In the last year of President Clinton's second term, the AFL-CIO declared its support for a broad legalization or amnesty for Mexican workers and withdrew its support for enforcement of provisions of the 1986 law which made it a punishable offense for U.S. employers to hire aliens ineligible for employment under the U.S.-employer sanctions. The new Mexican administration accurately interpreted the AFL-CIO shift as signaling a possible seachange in the political environment of U.S. immigration policy. It made betterment of the status of Mexican citizens abroad through diplomatic initiatives the centerpiece of the Fox administration's foreign policy.

As expected, President Bush made his first trip abroad to Mexico where he met with President Fox at his home. In the weeks preceding the visit, there was a frenzy of talk and speculation about the possible contours of a U.S.-Mexico migration initiative. Reference was made to a European referent in negotiations over labor mobility in the context of regional integration. The Treaty of Rome of 1957, which created the European Economic Community, contained provisions for freedom of movement for employment within the then six-nation framework. It seemed that the Fox administration perceived the freedom of labor mobility provision as something for possible emulation in the context of North American regional integration. The OECD had several years earlier held a conference on migration, free trade and regional integration in North America which may have encouraged such thinking. (12) At a subsequent summit of the three heads of states of the NAFTA signatories in Ottawa, Canada, however, President Fox could only articulate a vision of greater labor mobility and deeper North American integration as long-term goals. Speculation about opening of borders and freedom of movement for employment in North America proved to be just that. The substance of U.S.-Mexico talks about immigration during the early months of the Bush administration appeared to center chiefly around proposals for expanded temporary foreign worker recruitment and the modalities of a legalization or regularization initiative. This outcome supports interpretation of President Bush's foreign policy as the product of a home builder more so than that of an architect.

Presidents Fox and Bush agreed to establish a high-level (Cabinet) bilateral working group to translate the desire for improved relations into specific policy initiatives. Shortly before the September 11, 2001 violence, President Fox toured areas of the United States and addressed a joint session of Congress. U.S.-Mexico agreement on an immigration-related initiative was announced. But the details of it were not specified. The Mexican President returned home with a face-saving promise without mutually agreed upon content. Moreover, U.S. congressional leaders made it clear that they would exercise their traditional prerogatives. In other words, the U.S. Congress would have to authorize through legislation components of a U.S.-Mexico agreement concerning U.S. immigration law.
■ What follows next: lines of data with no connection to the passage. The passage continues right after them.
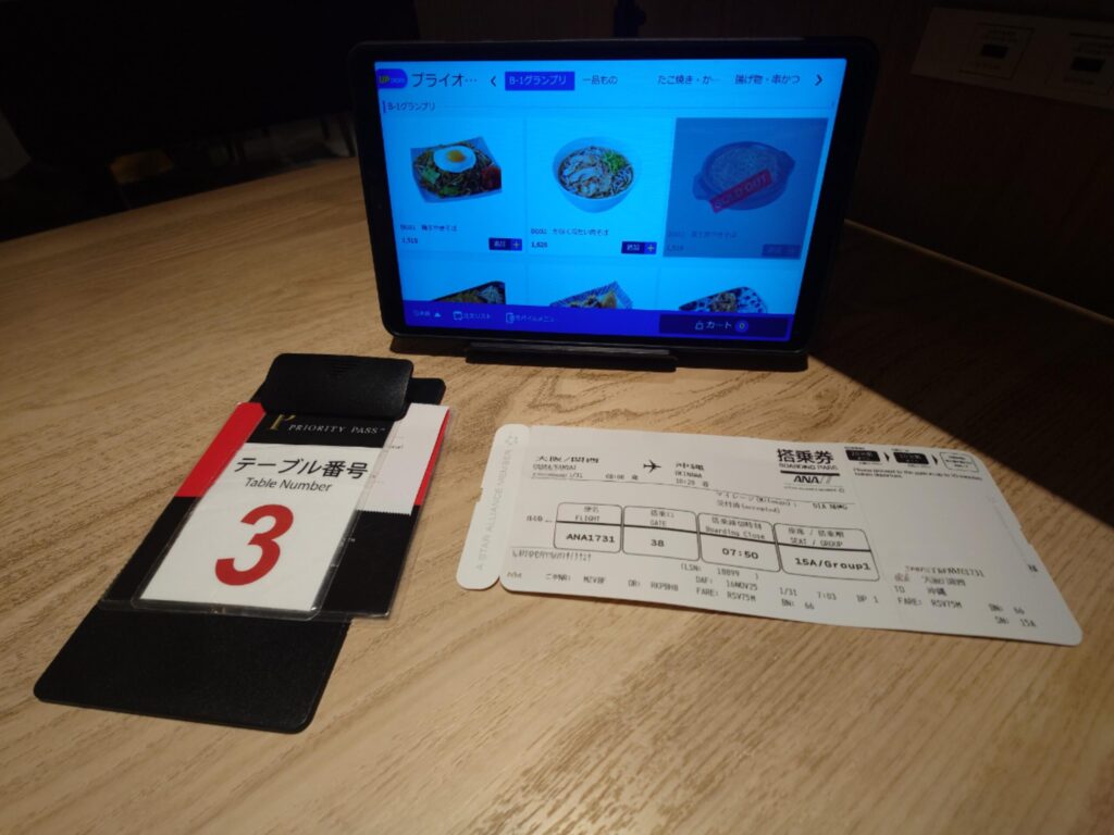 受付後専用の番号札を受け取り着席。注文はタブレット端末から。「B-1グランプリ」メニューなど豊富なラインナップがあります。今回のようなフライト(08:00発・那覇行き)まで時間がない時でも、サクサク注文できるのは高評価です。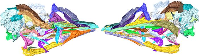 研究中,团队利用高精度CT对此前他们发现的中生代反鸟类雅尾鹓鶵的头骨进行三维复原,重建了几乎所有头骨骨骼的立体形态,包括构成头骨可动性通道的骨骼。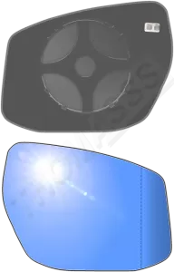 Antyrefleksyjny prawy ogrzewany wkład asferyczny lusterka - z plastikiem montażowym typu E0 i niebieskim oddalającym szkłem z grzałką [#844] do zastosowaniaw Nissan Tiida III [C13]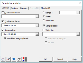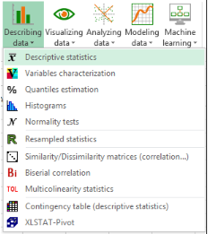 分割表(クロス表ともいう)は、2つのカテゴリカル変数の間の関係性を要約する有効な方法です。 XLSTAT は、3D表示による分割表の生成と、2つの変数の間の関係性を定量化する複数の統計量を計算するツールを提供します。こちらのチュートリアルをチェックしてください。 以下の動画は、ExcelとXLSTATを用いた質的変数の記述統計です。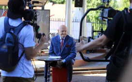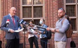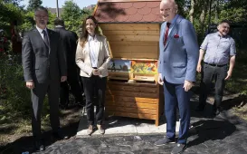 W środę 16 czerwca 2021 r. w Toruniu gościła ekipa programu Onet Rano. Na wybudowanej niedawno plenerowej Scenie Szekspirowskiej Baja Pomorskiego red. Beata Tadla rozmawiała z prezydentem Michałem Zaleskim o atrakcjach, jakie Toruń przygotował na lato dla mieszkańców i turystów. Podczas rozmowy, którą widzowie mogli śledzić w internecie, pokazywane były wspaniałe widoki Torunia nakręcone z drona. Fot. Sławomir KowalskiSłoweński ul w Grębocinie
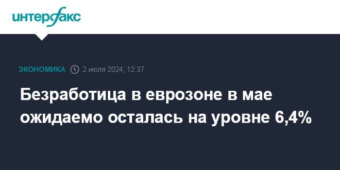 Безработица в еврозоне в мае ожидаемо осталась на уровне 6,4%
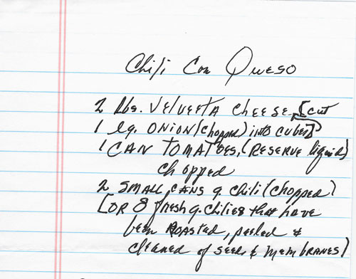 Velveeta, green chilies, onion and tomatoes made into a creamy dip for dipping tostadas.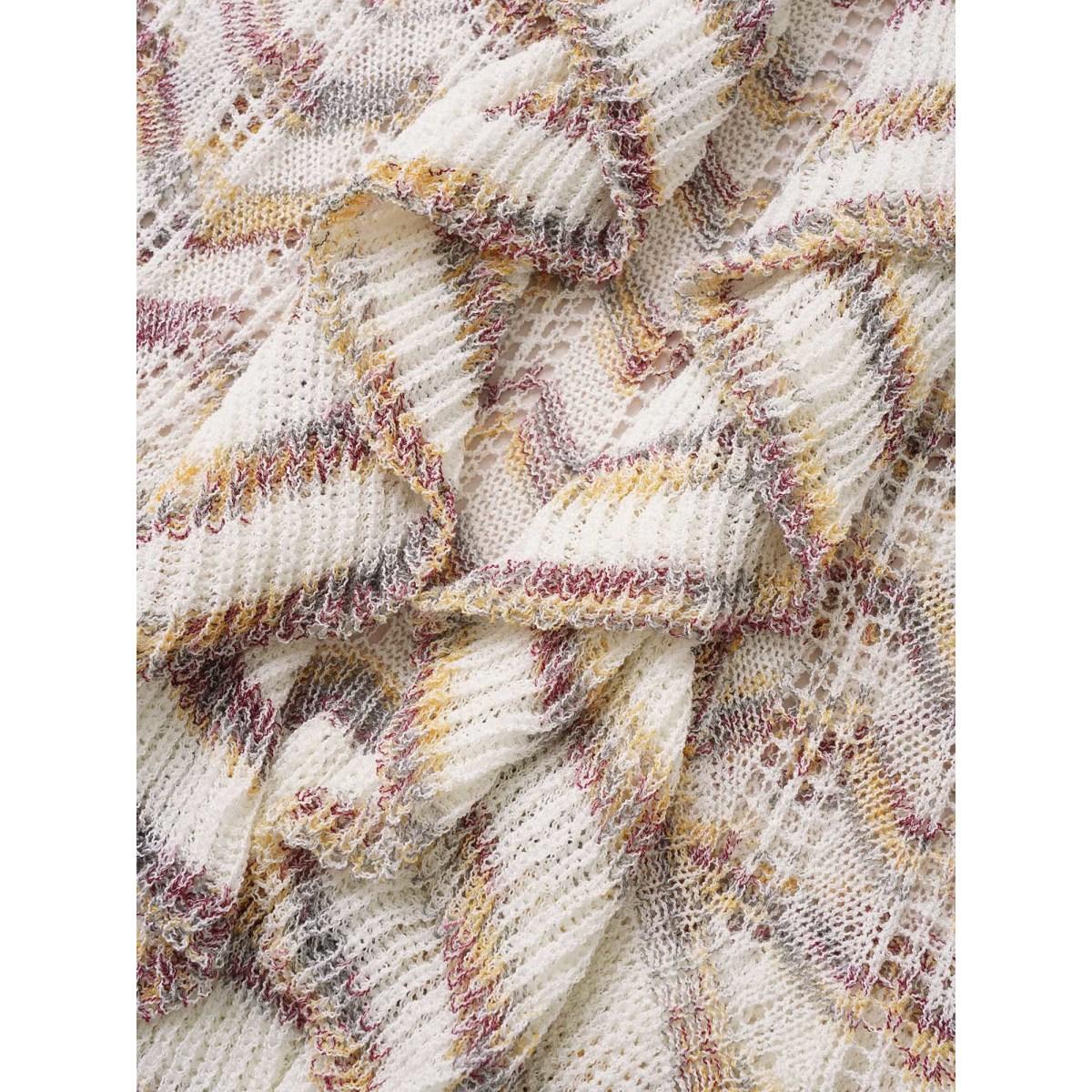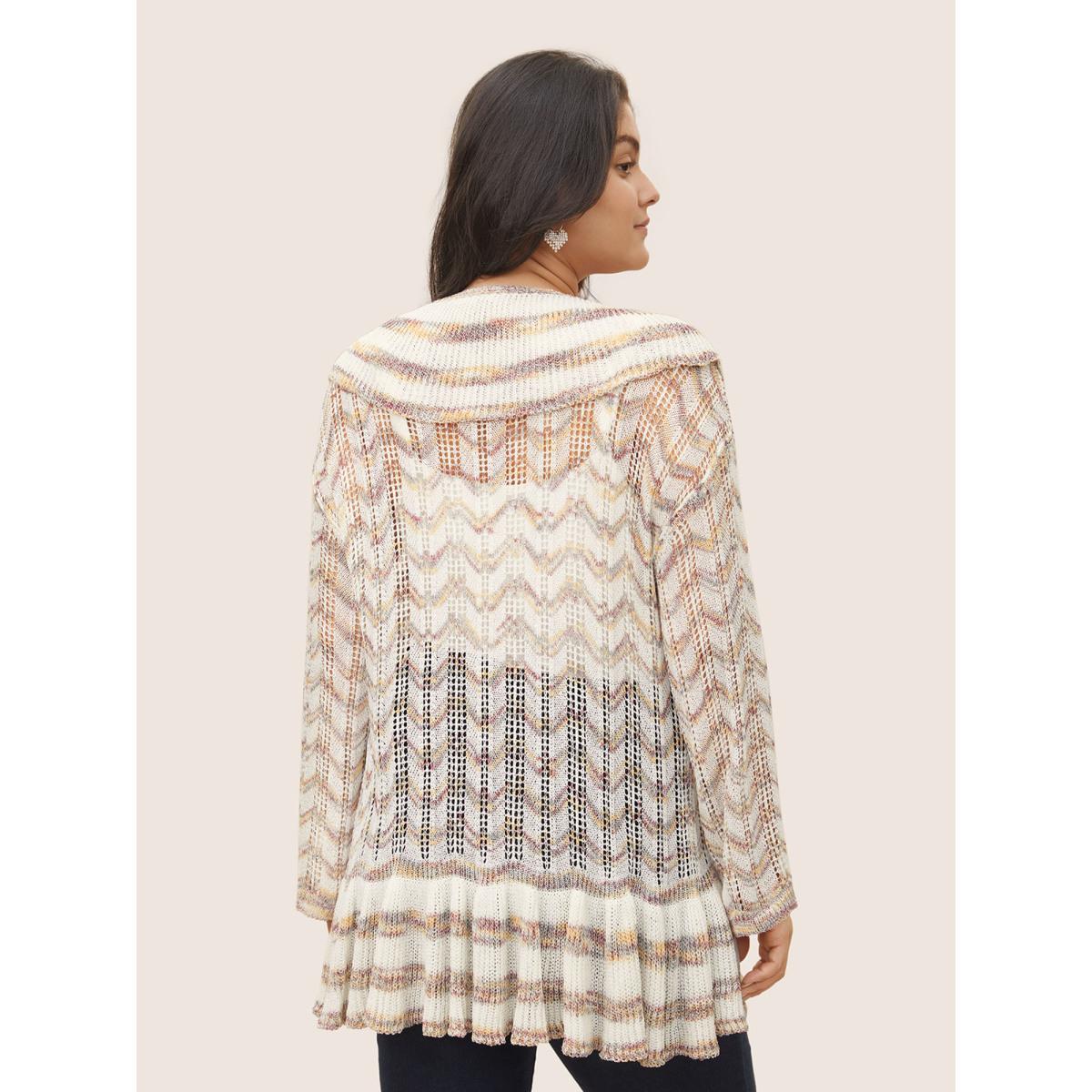 Plus Size Ombre Heather Ruffle Trim Ties Front Cardigan Ivory Women Everyday Elegant Cover Ups Bloomchic 14-16/1X Product Image

As best as can be discerned, the Bush administration appeared to offer a vague reassurance that it would endeavor to expand temporary foreign worker recruitment perhaps in conjunction with an earned legalization procedure for illegally resident Mexicans in the United States. Interpreting just what was promised or agreed to, however, is challenging because of the vagueness of public declarations. The Bush administration clearly was already backtracking on the bilateral immigration initiative even prior to 9/11. No consensus for either expanded temporary foreign worker policy or legalization emerged in the U.S. Congress or in public policy debates.

The U.S.-Mexico high-level dialogue over migration in the initial period of the George W. Bush presidency appeared quite broad ranging. Mexico unilaterally announced a legalization program for certain illegally resident aliens. And it pledged to cooperate with the United States in suppression of human trafficking. The contours of the improved bilateral cooperation seemed to include measures to prevent illegal entry from the Mexican side in return for legalization of Mexicans illegally residing in the United States and for expanded legal employment opportunities for Mexicans in the United States. Foreign Minister Casteneda made reference to a whole enchilada and, at one point, warned that all the requisite elements of a comprehensive migration initiative had to be in place for Mexico to support it. (13) The Mexican foreign minister also claimed that the bilateral talks were without historical precedent.

ASSESSING THE HONEYMOON

The events of 9/11 abruptly ended the honeymoon. By the end of the day, matters like overstaying of visas or document fraud to circumvent immigration law loomed large as they affected everyone's security. The legalization proposal had dropped off the agenda. Several days later, the Bush administration did announce that it intended to respect its commitments pertaining to the U.S.-Mexico migration initiative, but prospects for congressional support for expanded temporary foreign worker recruitment or legalization had dimmed, especially as the economic downturn and unemployment worsened.

In retrospect, several competing interpretations of the honeymoon appear plausible. If one accepts the gloss of U.S. and Mexican proponents of the initiative, it might be viewed as a radical departure in U.S. foreign policy. Migration policy became the priority and there was comprehensive discussion of how it affected U.S.-Mexico relations. Moreover, the U.S. relationship with Mexico became a top priority if not pre-eminent concern. This suggested a fundamental recasting of U.S. foreign policy by the Bush administration, an architect's vision of U.S. foreign policy.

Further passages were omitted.